→ **Your assignment**
Given the records underneath, please repeat exactly the lines from the line with "Denne forgyldte sølv" through the line with "Ο αναπληρωτής υπουργός", passing over any picture.

** Opening Data for this task block **

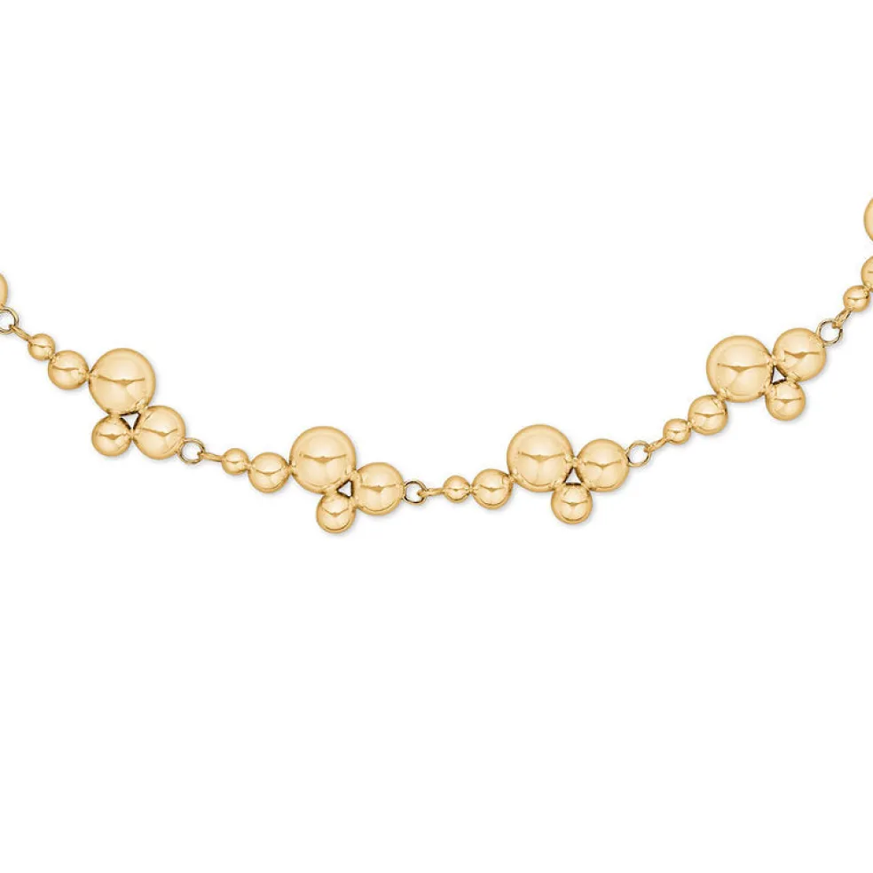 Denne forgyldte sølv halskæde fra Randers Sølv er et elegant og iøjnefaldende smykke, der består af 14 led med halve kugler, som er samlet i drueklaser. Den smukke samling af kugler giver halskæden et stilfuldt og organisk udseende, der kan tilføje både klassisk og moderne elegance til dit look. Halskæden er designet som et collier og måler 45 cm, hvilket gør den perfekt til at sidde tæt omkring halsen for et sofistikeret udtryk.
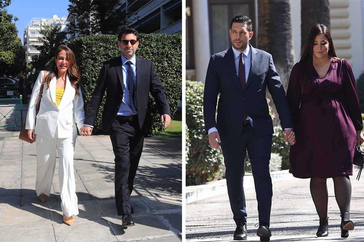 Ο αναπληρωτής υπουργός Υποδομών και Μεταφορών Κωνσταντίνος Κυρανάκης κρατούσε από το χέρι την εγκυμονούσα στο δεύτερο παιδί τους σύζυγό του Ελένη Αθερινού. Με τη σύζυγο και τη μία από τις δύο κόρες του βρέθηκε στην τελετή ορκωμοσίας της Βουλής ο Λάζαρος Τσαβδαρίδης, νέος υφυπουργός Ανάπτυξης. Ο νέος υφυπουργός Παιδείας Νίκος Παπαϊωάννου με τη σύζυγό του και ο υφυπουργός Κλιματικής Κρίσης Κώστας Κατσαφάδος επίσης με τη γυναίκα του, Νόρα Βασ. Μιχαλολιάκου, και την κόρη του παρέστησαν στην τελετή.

** Closing Data for this task block **
** Opening Data for this task block **

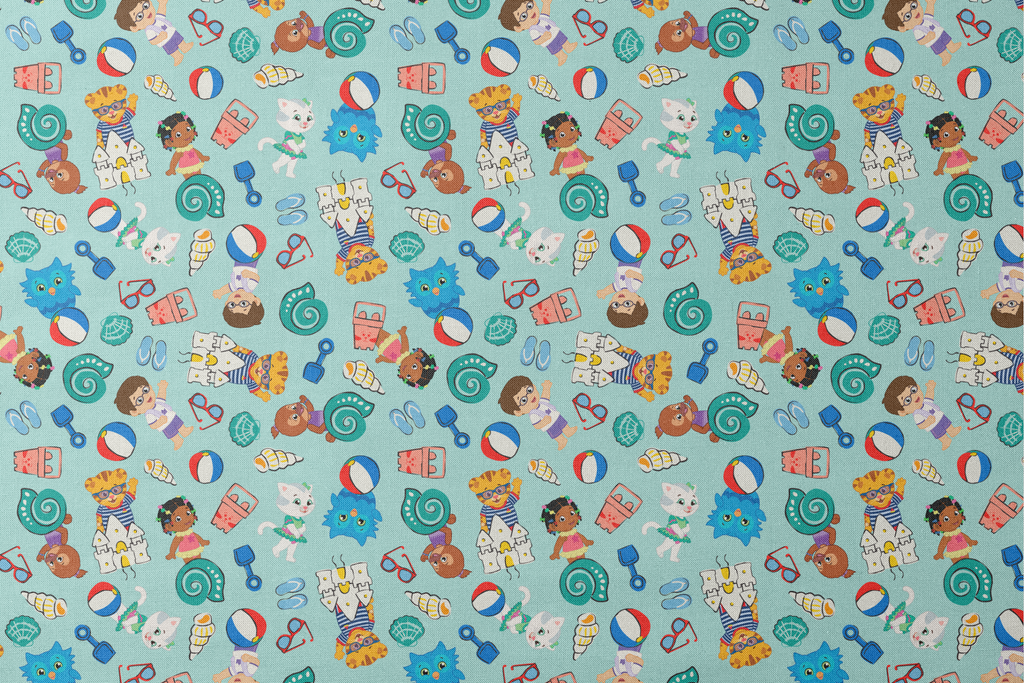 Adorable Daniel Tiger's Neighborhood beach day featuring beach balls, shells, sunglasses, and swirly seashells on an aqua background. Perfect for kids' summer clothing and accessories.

** Closing Data for this task block **
** Opening Data for this task block **

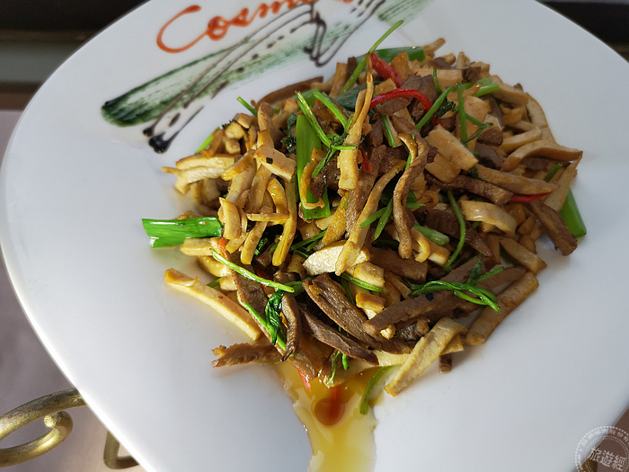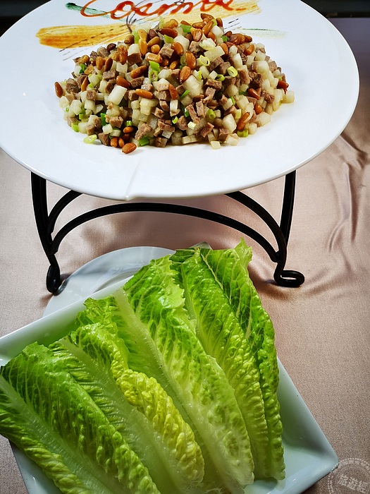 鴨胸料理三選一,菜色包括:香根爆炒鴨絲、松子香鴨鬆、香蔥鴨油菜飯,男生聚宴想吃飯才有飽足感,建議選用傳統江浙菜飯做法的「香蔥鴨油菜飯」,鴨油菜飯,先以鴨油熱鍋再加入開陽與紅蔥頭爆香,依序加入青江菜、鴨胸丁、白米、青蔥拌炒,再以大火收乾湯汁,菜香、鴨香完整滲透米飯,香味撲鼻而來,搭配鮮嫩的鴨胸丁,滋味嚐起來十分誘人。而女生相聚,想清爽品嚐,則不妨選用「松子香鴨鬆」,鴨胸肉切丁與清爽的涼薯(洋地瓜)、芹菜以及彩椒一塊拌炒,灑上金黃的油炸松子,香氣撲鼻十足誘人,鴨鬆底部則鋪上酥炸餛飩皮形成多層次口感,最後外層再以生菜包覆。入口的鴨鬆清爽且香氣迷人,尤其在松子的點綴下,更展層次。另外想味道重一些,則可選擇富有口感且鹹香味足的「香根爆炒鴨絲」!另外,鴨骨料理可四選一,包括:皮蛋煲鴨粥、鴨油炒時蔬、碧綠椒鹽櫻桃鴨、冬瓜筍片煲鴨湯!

** Closing Data for this task block **

→ **Exercise solution**
 Denne forgyldte sølv halskæde fra Randers Sølv er et elegant og iøjnefaldende smykke, der består af 14 led med halve kugler, som er samlet i drueklaser. Den smukke samling af kugler giver halskæden et stilfuldt og organisk udseende, der kan tilføje både klassisk og moderne elegance til dit look. Halskæden er designet som et collier og måler 45 cm, hvilket gør den perfekt til at sidde tæt omkring halsen for et sofistikeret udtryk.
 Ο αναπληρωτής υπουργός Υποδομών και Μεταφορών Κωνσταντίνος Κυρανάκης κρατούσε από το χέρι την εγκυμονούσα στο δεύτερο παιδί τους σύζυγό του Ελένη Αθερινού. Με τη σύζυγο και τη μία από τις δύο κόρες του βρέθηκε στην τελετή ορκωμοσίας της Βουλής ο Λάζαρος Τσαβδαρίδης, νέος υφυπουργός Ανάπτυξης. Ο νέος υφυπουργός Παιδείας Νίκος Παπαϊωάννου με τη σύζυγό του και ο υφυπουργός Κλιματικής Κρίσης Κώστας Κατσαφάδος επίσης με τη γυναίκα του, Νόρα Βασ. Μιχαλολιάκου, και την κόρη του παρέστησαν στην τελετή.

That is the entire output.